# How to Thermal Cycle Knife Steel (article and video)



## Larrin (Aug 28, 2021)

Experiments and recommendations on how to process steel after forging. Hardness and toughness measurements along with images of the microstructure. There is a YouTube video as well as an article that has more details.

Article: How to Thermal Cycle Knife Steel - Knife Steel Nerds

Video:


----------



## Kippington (Aug 29, 2021)

I can't even begin to imagine the amount of work that went into this. Thank you for sharing!


----------



## captaincaed (Aug 29, 2021)

Vid was great, as was the recent interview. Love the combination of simplicity without sacrificing detail.


----------



## inferno (Sep 11, 2021)

hi larrin. i'm working with 52100 now. from large diameter round bearing stock. so i have to flatten these. i take these up to yellow with acetylene. so it i can bend/bang them straight.

tried to simply take these to unmagnetic once, then air cool. then harden. 1 shade above unmagnetic. warped like fukn crazy. and it was totally unusable. 
---------------

then tried a very high temp one shot "normalizing" with acetylene after flattening. to get all tensions out. up to maybe light yellow. almost white.

then 3 cycles to just above unmagnetic, then air cool. in open air. now, hardening these i take them to like 1-2 shades above unmagnetic. dunk in a mix of hot hydraulic oil and motor oil. comes out hard as glass. and cracking these parts shows a grain size of almost 0. i cant ever see any grain. its just dull gray.
but its 0% unrepeatable i guess. i do this all by eye. with acetylene and propane.

after tempering 2x at 180C my bacho files just skid along. 

yeah thats some anecdotal data for you. i feel i did good though.


----------



## inferno (Sep 11, 2021)

hey if it works it works.


----------



## Larrin (Sep 13, 2021)

inferno said:


> hi larrin. i'm working with 52100 now. from large diameter round bearing stock. so i have to flatten these. i take these up to yellow with acetylene. so it i can bend/bang them straight.
> 
> tried to simply take these to unmagnetic once, then air cool. then harden. 1 shade above unmagnetic. warped like fukn crazy. and it was totally unusable.
> ---------------
> ...


The term is nonmagnetic rather than unmagnatic.

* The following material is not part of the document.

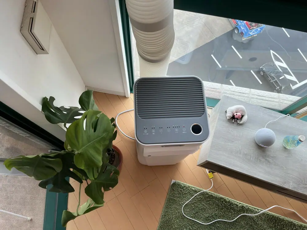 窓さえあれば、付属のダクトを使用して簡単に排気できるため、壁貫通工事や室外機の設置なども必要ない。

In the first case you heated to nonmagnetic instead of normalizing? Why?

Why are you heating with an acetylene torch? That leads to uneven heating which then leads to warping, etc. 

Why use hydraulic oil/motor oil? 

Why create extra problems for yourself?


----------



## inferno (Sep 16, 2021)

Larrin said:


> The term is nonmagnetic rather than unmagnatic.
> 
> In the first case you heated to nonmagnetic instead of normalizing? Why?
> 
> ...



yes of course is nonmagnetic 

i had already taken the steel way above nonmagnetic, around forging temps i guess, when flattening it.
then i took it just above non magnetic once. and it didn't work out. it warped in the quench.

i use the acetylene because its free and i do it at work. when i get payed.  and its fast. very very fast.

i use hydraulic oil and motor oil since this is what i have access to for free.

because free is free. 0 money spent. and its even better if i can do it all at work.


----------